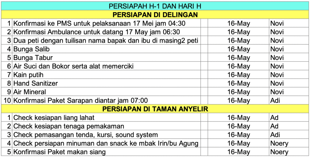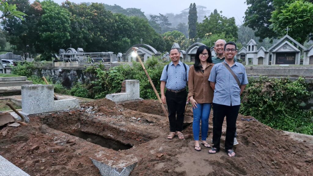 Saya diskusi dengan mas Pur, mas Sulis dan mas Mawan yang sudah berpengalaman melakukan pemindahan makam di Taman Anyelir juga. Dan untuk pelaksanaan pembuatan infrastruktur persiapan pemakaman saya diskusi dengan pak Diran yang melakukan pelaksanaan di lapangan. Pak Diran juga yang akan bertugas melakukan prosesi pemakaman bersama teman-temannya.
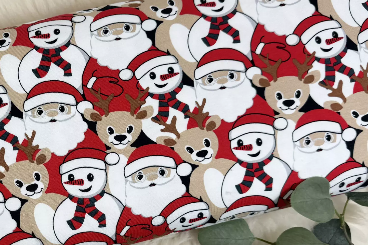Ein super weicher Sweatstoff, auch Kuschelsweat genannt, gemustert mit süssen Weihnachtsmann, Schneemann und Rentier Motiven. Ob als Kinderstoff oder für Erwachsene, verschönere die festliche Adventszeit mit zauberhaften Weihnachtsmotiven.
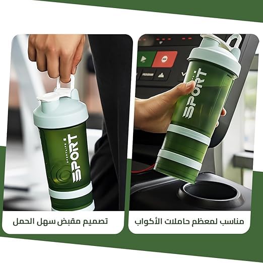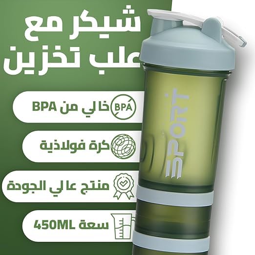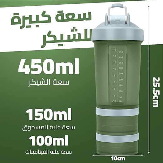 - تصميم الكل في واحد: زجاجة شيكر مع منظم ومساحة تخزين مدمجة ومنفصلة لمسحوق البروتين وحبوب الدواء، مثالية لرواد صالة الألعاب الرياضية وعشاق اللياقة البدنية.
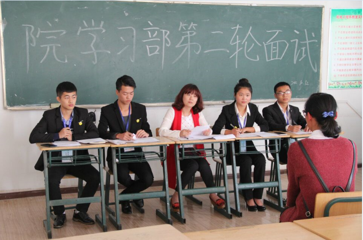 此次招新共经历了宣传报名、笔试、第一轮面试、第二轮面试等环节。在最后一轮的面试中,学院团委全体老师及各系团总支书记到场并担任评委打分。

--------------------

What you return must match the material above exactly, minus its pictures.

 Saya diskusi dengan mas Pur, mas Sulis dan mas Mawan yang sudah berpengalaman melakukan pemindahan makam di Taman Anyelir juga. Dan untuk pelaksanaan pembuatan infrastruktur persiapan pemakaman saya diskusi dengan pak Diran yang melakukan pelaksanaan di lapangan. Pak Diran juga yang akan bertugas melakukan prosesi pemakaman bersama teman-temannya.
Ein super weicher Sweatstoff, auch Kuschelsweat genannt, gemustert mit süssen Weihnachtsmann, Schneemann und Rentier Motiven. Ob als Kinderstoff oder für Erwachsene, verschönere die festliche Adventszeit mit zauberhaften Weihnachtsmotiven.
 - تصميم الكل في واحد: زجاجة شيكر مع منظم ومساحة تخزين مدمجة ومنفصلة لمسحوق البروتين وحبوب الدواء، مثالية لرواد صالة الألعاب الرياضية وعشاق اللياقة البدنية.
 此次招新共经历了宣传报名、笔试、第一轮面试、第二轮面试等环节。在最后一轮的面试中,学院团委全体老师及各系团总支书记到场并担任评委打分。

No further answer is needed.